> **Work order**: Below, some lines carry pictures; leave those pictures out and retype exactly the lines from the one with "夕阳西下,一件件漆扇作品陈列" through the one with "12枝黃色玫瑰和桔梗,當季襯葉及伴花".
Content starts
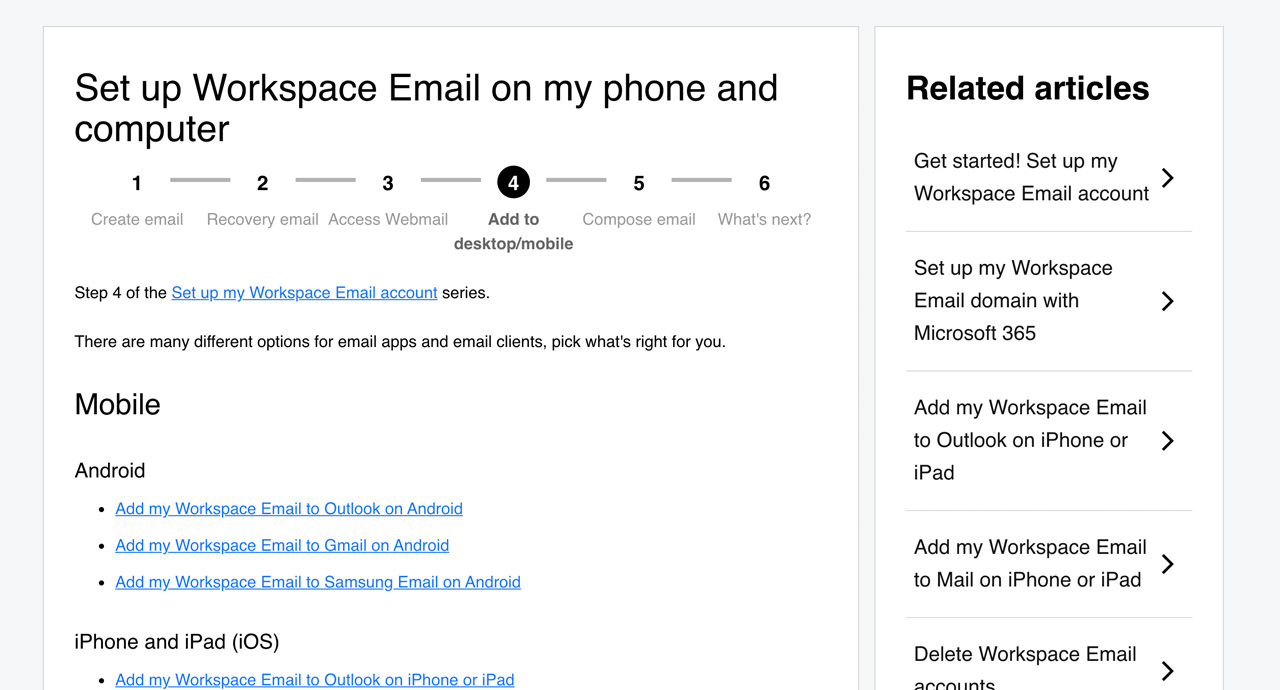 Helpful page with settings for most mobile phones, Outlook & computers.
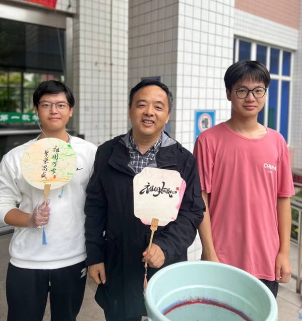 夕阳西下,一件件漆扇作品陈列在广场之上,这是学生们用心血和汗水浇灌出来的成果,是对祖国华诞的一份小小献礼,也是对自己青春岁月的一次美好记录。
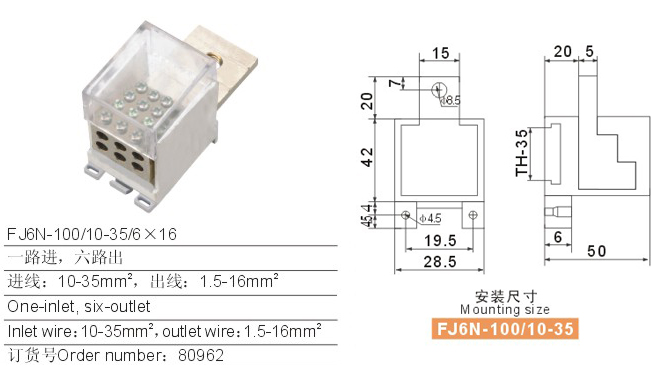 FJ6G-100/10-35/2×25开关端子(一路进,二路出)
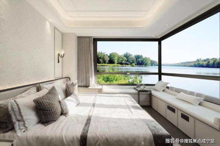 约270°转角飘窗,把不同角度的阳光和风景都框进来,阳光洒满整个窗台,外面的景色一年四季都在变,每天看到的画面都不一样,特别有生命力。
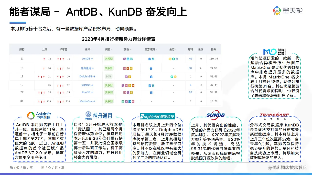 其中,墨天轮社区已与人民邮电出版社达成合作,未来将围绕数据库技术内容及墨天轮品牌内容展开更深度的合作,助力行业繁荣发展。此处因篇幅所限仅截选部分内容,具体内容可查阅报告。
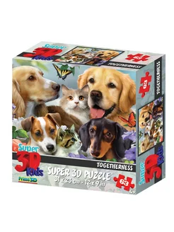 Пазлы для детей от 4 лет Собаки и кошки, 63 элементов
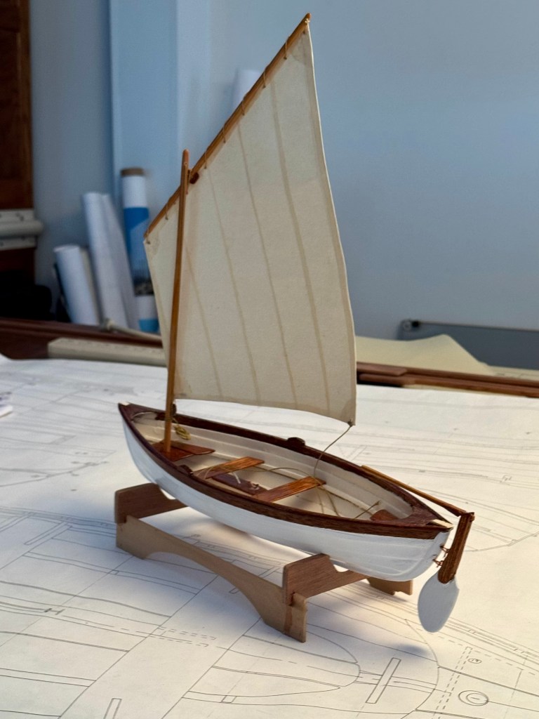 After cutting the molds and setting up the strong back it was quick work. It took about two days. I made a simple lug rigged sail with paper and masking tape.
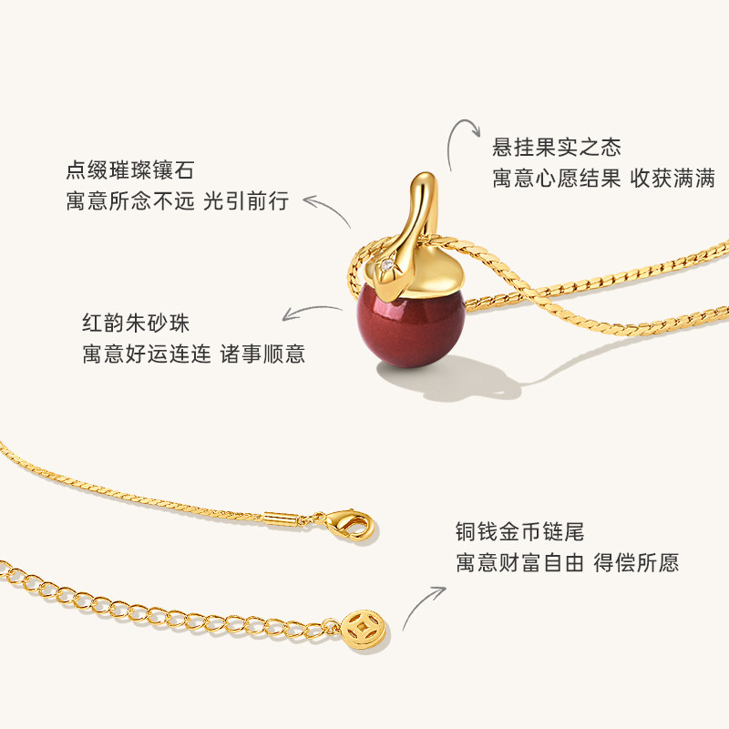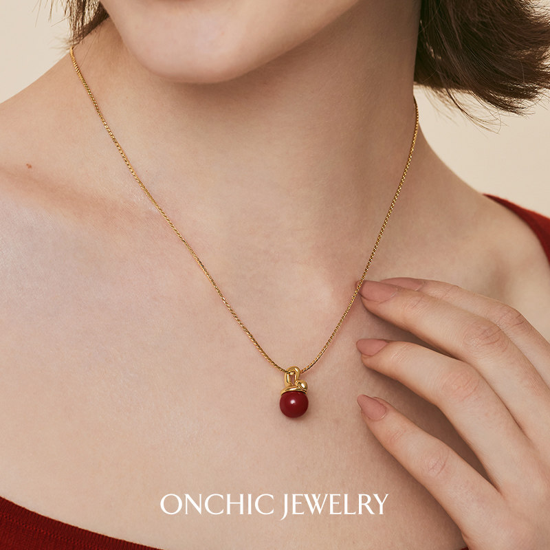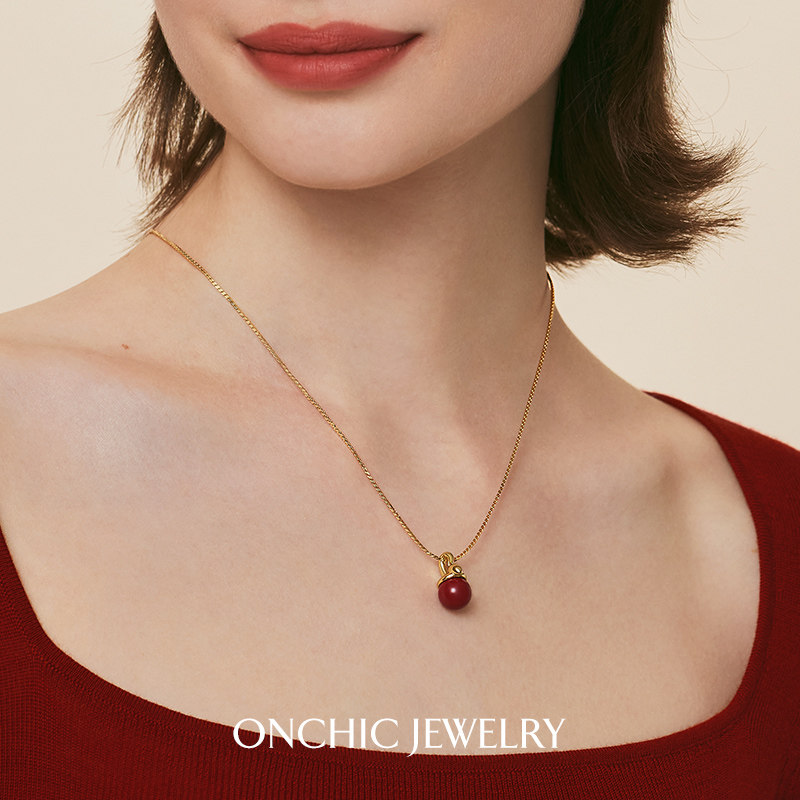 Onchic小愿果朱砂项链女吊坠红色本命年新款锁骨链生日礼物送女友
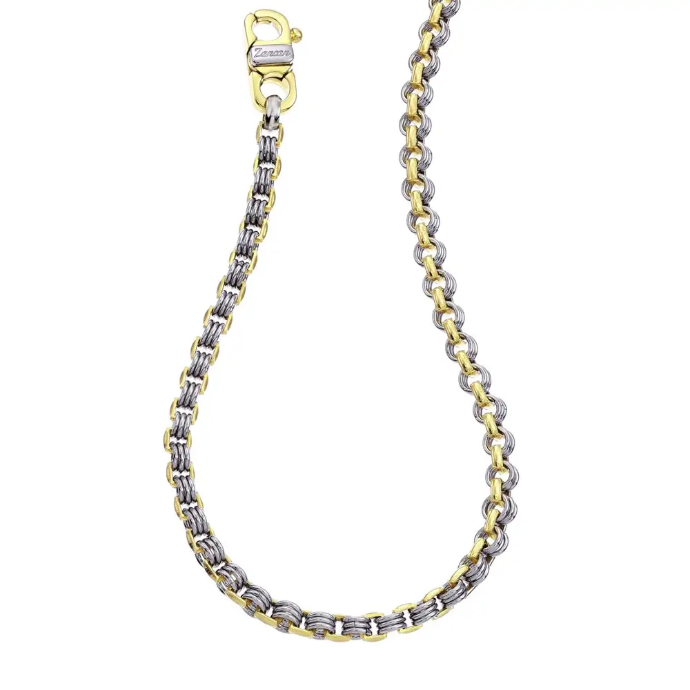 这款 Zancan 项链以隽永设计与意大利精湛工艺呈现优雅格调。白色黄金与黄色黄金 的和谐结合带来精致的色泽对比,使整体外观既现代又不失经典气质。简洁流畅的线条与均衡比例,使其成为日常佩戴的理想配饰。
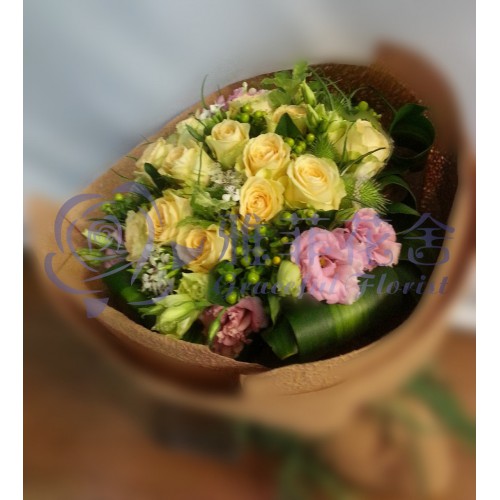 12枝黃色玫瑰和桔梗,當季襯葉及伴花
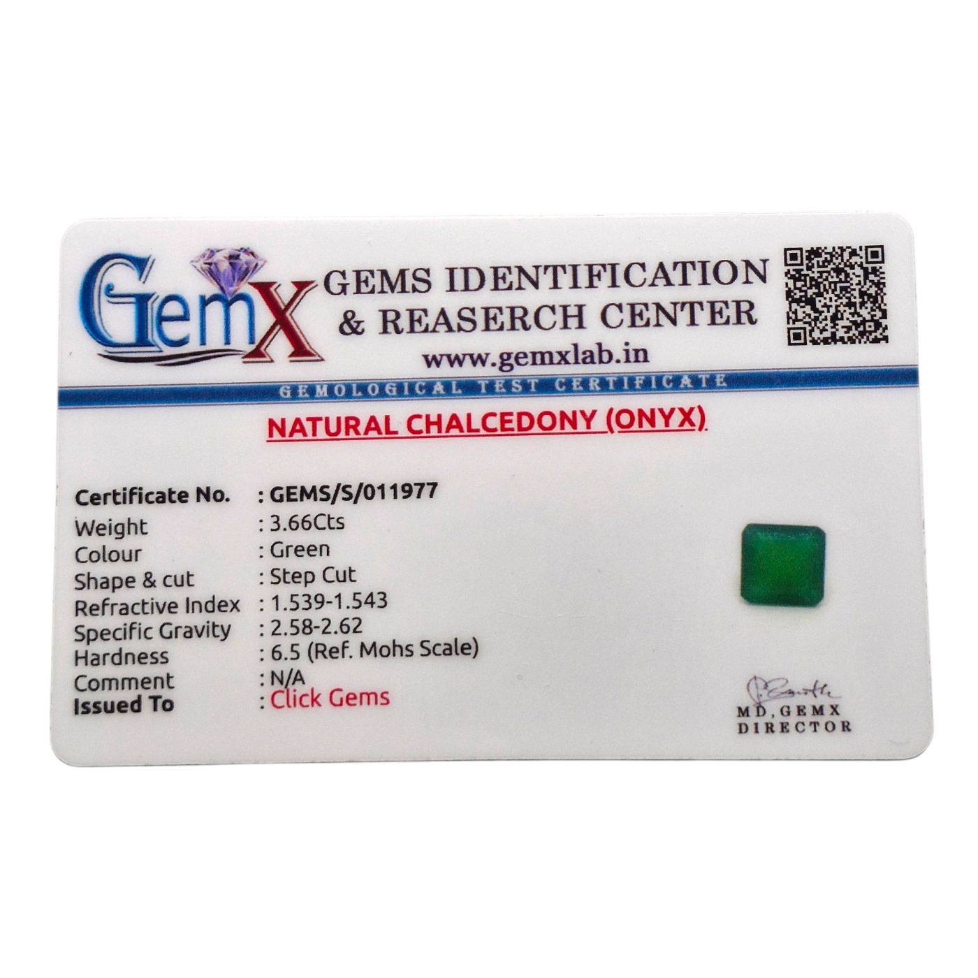 Elegant green Natural Aqiq (Onyx), step cut and GEMX certified, perfect for calm and balance.
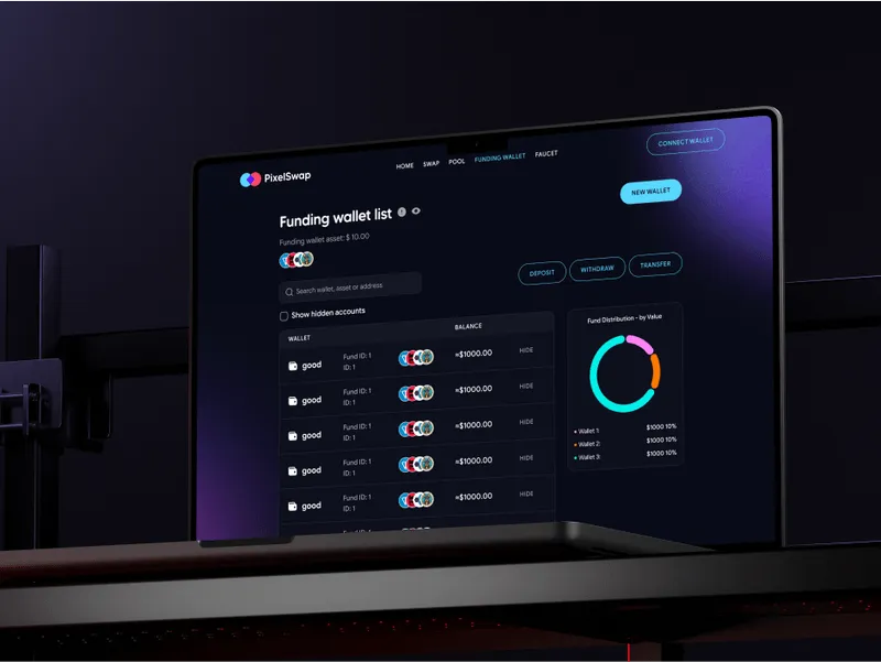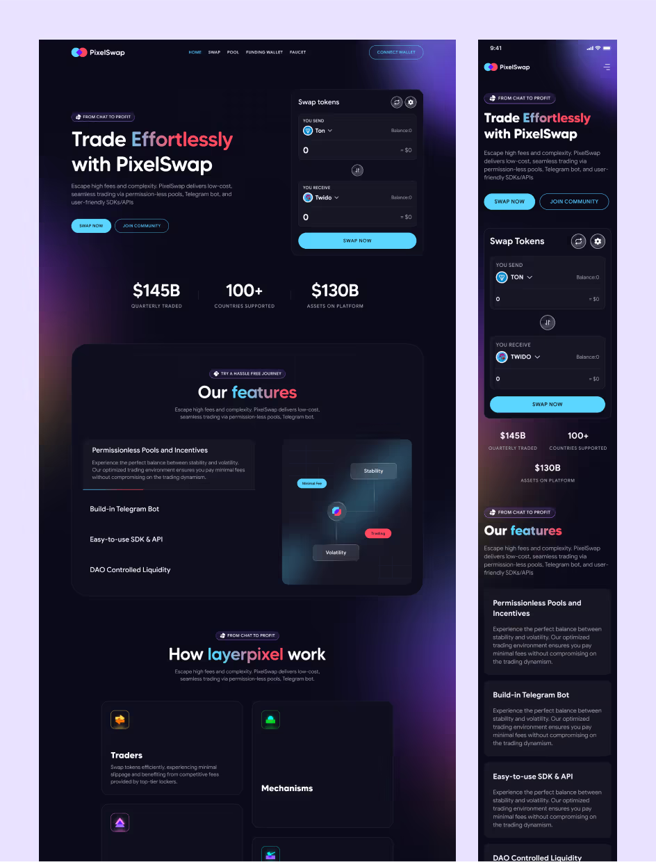 For the PixelSwap landing page, we designed a clean, engaging layout that catered to both novice and expert users, highlighting key features and benefits for quick understanding and appreciation of the decentralized exchange.
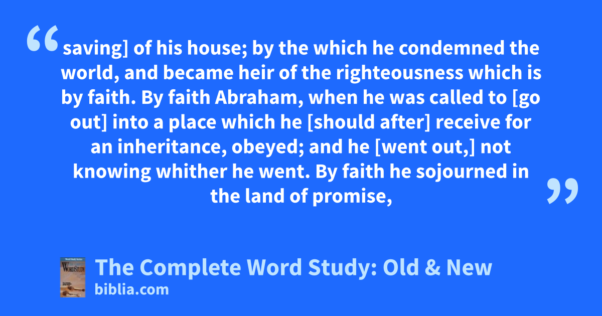 saving] of his house; by the which he condemned the world, and became heir of the righteousness which is by faith. By faith Abraham, when he was called to [go out] into a place which he [should after] receive for an inheritance, obeyed; and he [went out,] not knowing whither he went. By faith he sojourned in the land of promise,
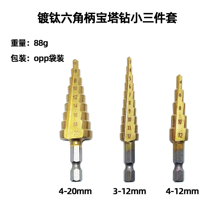 - Model: Step Drill Small 3-Piece Set with OPP Bag (88g)
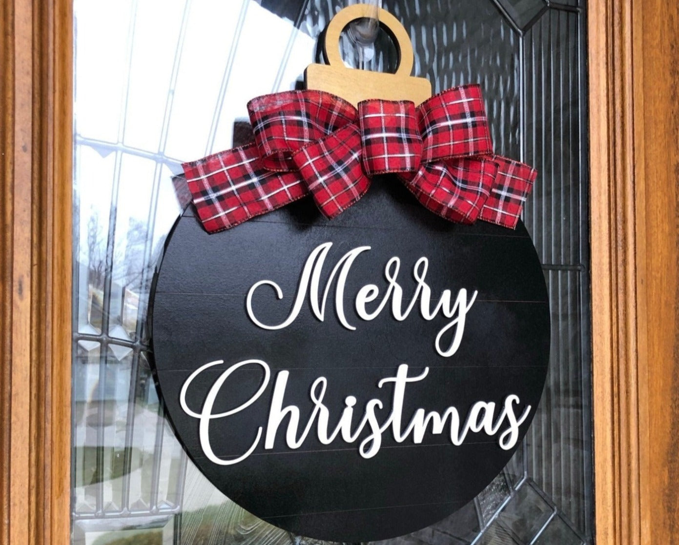 Enjoy the holiday season by displaying this two-layered ornament shaped door hanger. Can be displayed anywhere in your home as well!
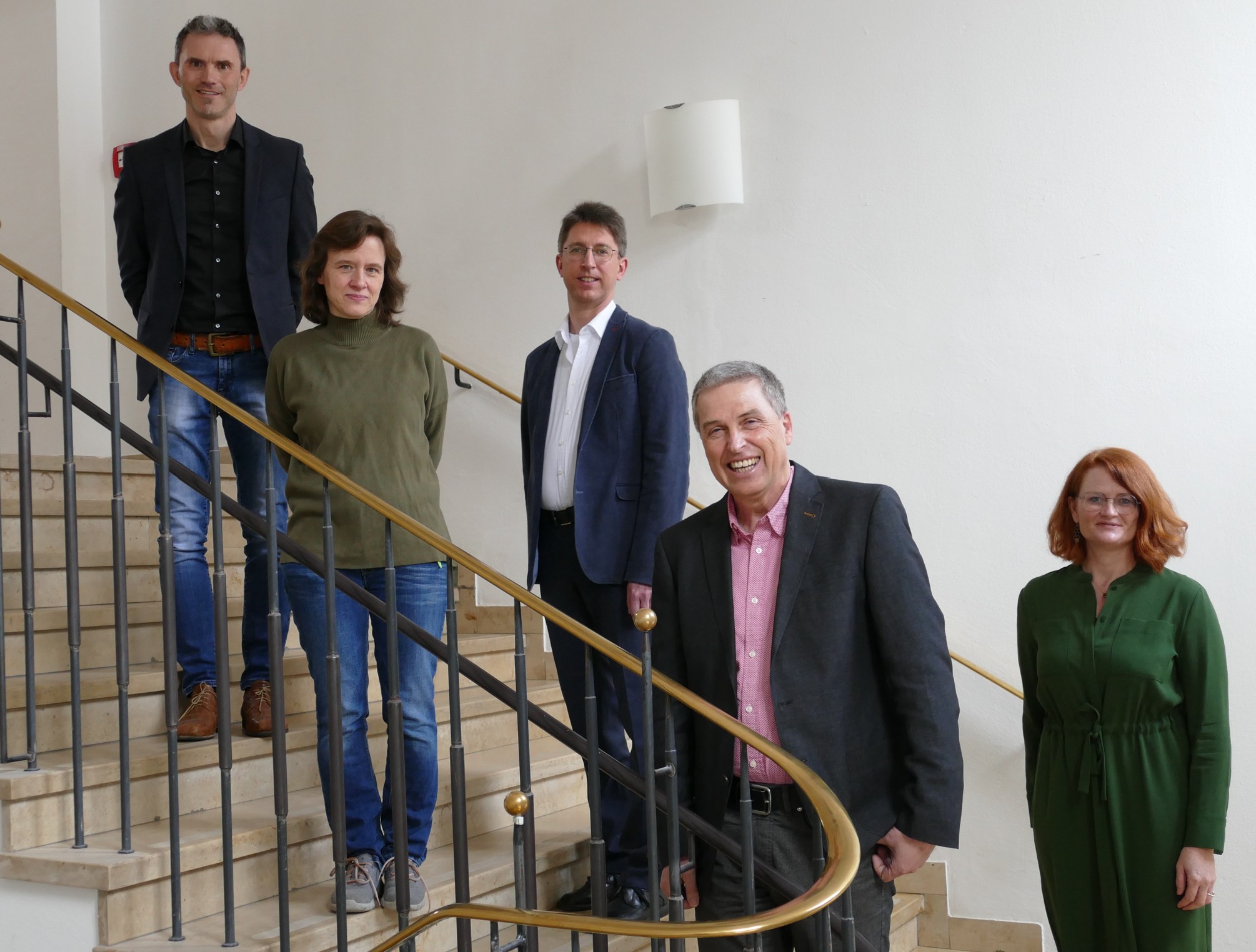 Die Schulleitung: Schulleiter Hr. Wagner (4.v.l) , Stellvertreter Hr. Nagel (1.v.l), und die Mitglieder der Erweiterten Schulleitung: Fr. Dr. Tannenberg (2.v.l.), Hr. Müller (3.v.l) und Frau Ott (5.v.l)
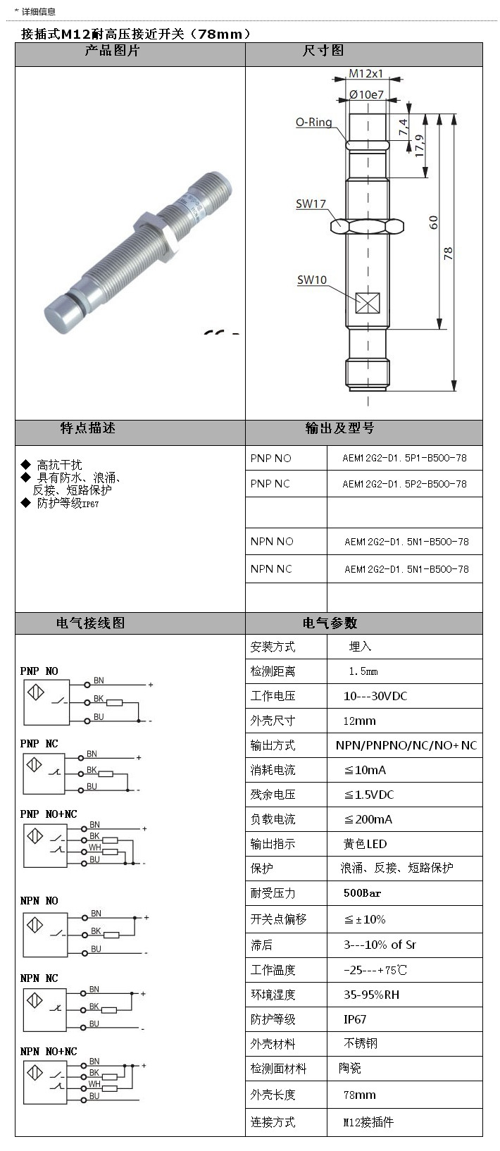 AEM12G2-D1.5P1-B500-78,AEM12G2-D1.5P2-B500-78,AEM12G2-D1.5N1-B500-78,M12接插式(78mm)
Content ends
> **Answer to the problem**:
 夕阳西下,一件件漆扇作品陈列在广场之上,这是学生们用心血和汗水浇灌出来的成果,是对祖国华诞的一份小小献礼,也是对自己青春岁月的一次美好记录。
 FJ6G-100/10-35/2×25开关端子(一路进,二路出)
 约270°转角飘窗,把不同角度的阳光和风景都框进来,阳光洒满整个窗台,外面的景色一年四季都在变,每天看到的画面都不一样,特别有生命力。
 其中,墨天轮社区已与人民邮电出版社达成合作,未来将围绕数据库技术内容及墨天轮品牌内容展开更深度的合作,助力行业繁荣发展。此处因篇幅所限仅截选部分内容,具体内容可查阅报告。
 Пазлы для детей от 4 лет Собаки и кошки, 63 элементов
 After cutting the molds and setting up the strong back it was quick work. It took about two days. I made a simple lug rigged sail with paper and masking tape.
 Onchic小愿果朱砂项链女吊坠红色本命年新款锁骨链生日礼物送女友
 这款 Zancan 项链以隽永设计与意大利精湛工艺呈现优雅格调。白色黄金与黄色黄金 的和谐结合带来精致的色泽对比,使整体外观既现代又不失经典气质。简洁流畅的线条与均衡比例,使其成为日常佩戴的理想配饰。
 12枝黃色玫瑰和桔梗,當季襯葉及伴花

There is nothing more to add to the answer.